ORDER AND JUDGMENT *

Before TACHA , ANDERSON , and LUCERO , Circuit Judges.

After examining the briefs and appellate record, this panel has determined

unanimously that oral argument would not materially assist the determination of

this appeal. See Fed. R. App. P. 34(a)(2); 10th Cir. R. 34.1(G). The case is

therefore ordered submitted without oral argument.

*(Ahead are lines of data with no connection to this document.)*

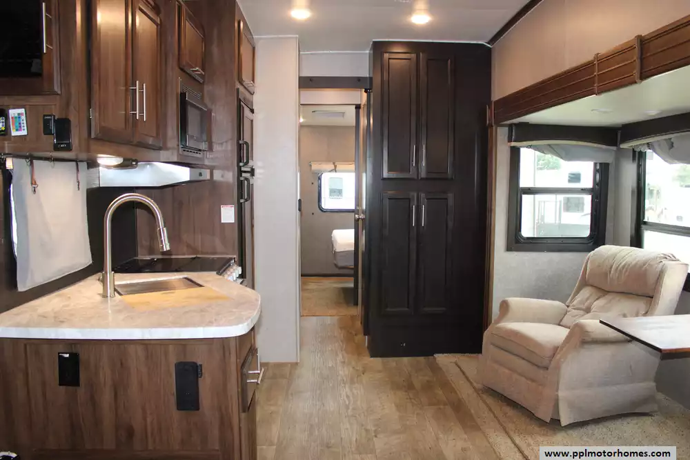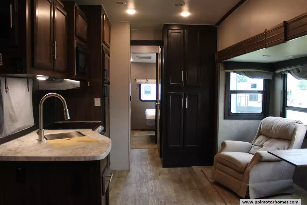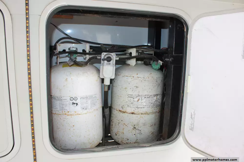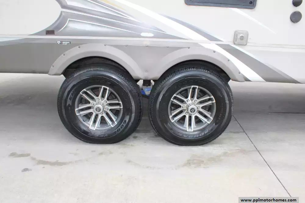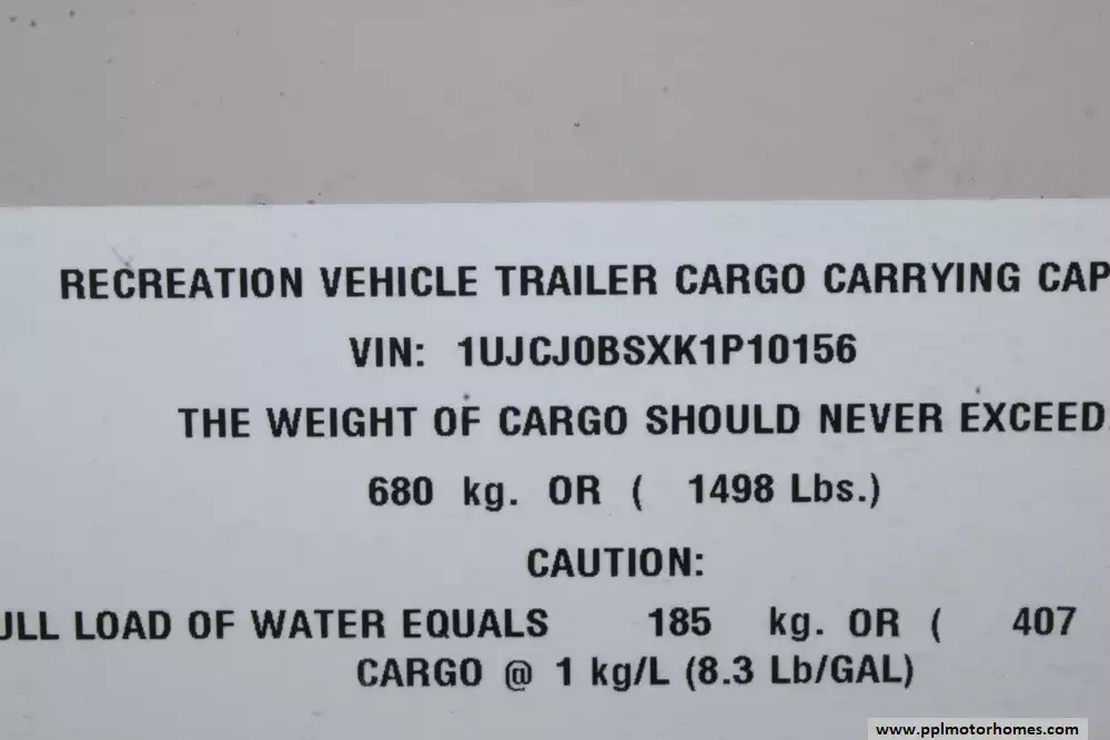 Specs: Length: 34.4 ft., Width: 8 ft., Height: 12.71 ft., Interior Height: 7.92 ft. Payload Capacity: 1,860 lbs., Total Fresh Water Tank Capacity: 43 gal., Total Gray Water Tank Capacity: 32.5 gal., Total Black Water Tank Capacity: 32.5 gal., Number of Propane Tanks: 2, Total Propane Tank Capacity: 60 lbs.
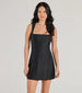 Style up this slinky knit mini dress featuring a sleeveless square neckline with tank shoulder straps and a short-length hem with a flirty A-line silhouette. Complete your look for a girl's night with stiletto heels.
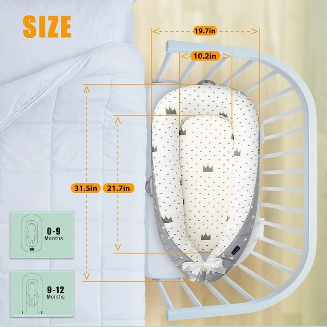 • Babies snuggle nest sleeper is 90cm long and 50cm wide. We also added extra Cushion to the base making it 4cm for optimal support
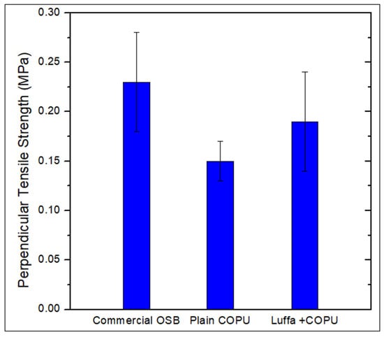 Regarding the data shown in the Figure 3, there seems to be no statistical difference between the novel luffa/COPU composite and the commercial OSB, even if there is an obvious difference between the plain COPU resin and the commercial OSB. In fact, after the analysis of variance (ANOVA) was applied, the p-value which was obtained was greater than the significance of 0.05 between the novel luffa/COPU composite and the commercial OSB. Thus, the results showed that the addition of luffa mats provided, indeed, an enhancement in performance for the plain resin. Finally, both the luffa-reinforced COPU matrix composite and the commercial OSB failed to meet the minimum requirements criteria of any of the three analyzed standards.

Frank Swart, an Oklahoma state prisoner, seeks a certificate of

appealability to appeal the district court’s denial of his 28 U.S.C. § 2254 habeas

* This order and judgment is not binding precedent, except under the doctrines of law of the case, res judicata, and collateral estoppel. The court generally disfavors the citation of orders and judgments; nevertheless, an order and judgment may be cited under the terms and conditions of 10th Cir. R. 36.3. corpus petition. As Swart has failed to make a “substantial showing of the denial

of a constitutional right,” 28 U.S.C. § 2253(c)(2), we deny a certificate of

appealability and dismiss the appeal.

Jurisdiction

As a threshold matter, we must decide whether this court has jurisdiction to

hear Swart’s appeal. The district court entered its order denying § 2254 relief on

March 17, 1999. Pursuant to Fed. R. App. P. 4(a)(1)(A), 26(a)(3-4), and 26(a)(4),

Swart’s notice of appeal was due on or before April 16, 1999. Swart’s notice of

appeal was docketed as filed on April 22, 1999. In response to a jurisdictional

show cause order issued by this court, Swart submitted a log notation indicating

that prison officials mailed something from Swart on April 9, 1999. Therefore, we

hold that Swart’s notice of appeal was timely. See Fed. R. App. P. 4(c)(1) (“If an

inmate confined to an institution files a notice of appeal in either a civil or

criminal case, the notice is timely if it is deposited in the institution’s internal

mail system on or before the last day for filing.”); Houston v. Lack , 487 U.S. 266,

276 (1988) (holding that pro se prisoner’s notice of appeal is deemed filed when

it is delivered to prison officials for forwarding to the district court).

Background

-2- On June 20, 1997, Swart filed a § 2254 habeas petition asserting eleven

grounds of constitutional violation in his state conviction on three counts of lewd

molestation of a minor and one count of forcible oral sodomy, for which he was

sentenced to four consecutive fifteen-year terms of imprisonment. Following a de

novo review, the district court affirmed the magistrate judge’s recommendation

that Swart’s petition be denied.

In his application for a certificate of appealability, Swart asserts that the

district court erred in denying his petition on his claims of (1) denial of

confrontation; (2) improper vouching for child victims; (3) insufficient evidence;

(4) ineffective assistance of appellate counsel; and (5) ineffective assistance of

trial counsel.

Discussion

Initially, Swart claims error in the district court’s dismissal of his claim

that he was denied his constitutional right to confrontation when one of the child

victims was held incompetent to testify. Swart asserts that the prosecutor used

the Oklahoma state statute “to HIDE [the child victim] from the examining court

and the defense.” Appellant’s Br. at 10. In his application for a certificate of

appealability, he asserts that the district court erred in applying Ohio v. Roberts ,

448 U.S. 56 (1980), instead of Coy v. Iowa, 487 U.S. 1012 (1988), to its decision

-3- on his confrontation claim. See Appellant’s Br. at 3. He does not, however, offer

any factual or legal support for any of these assertions.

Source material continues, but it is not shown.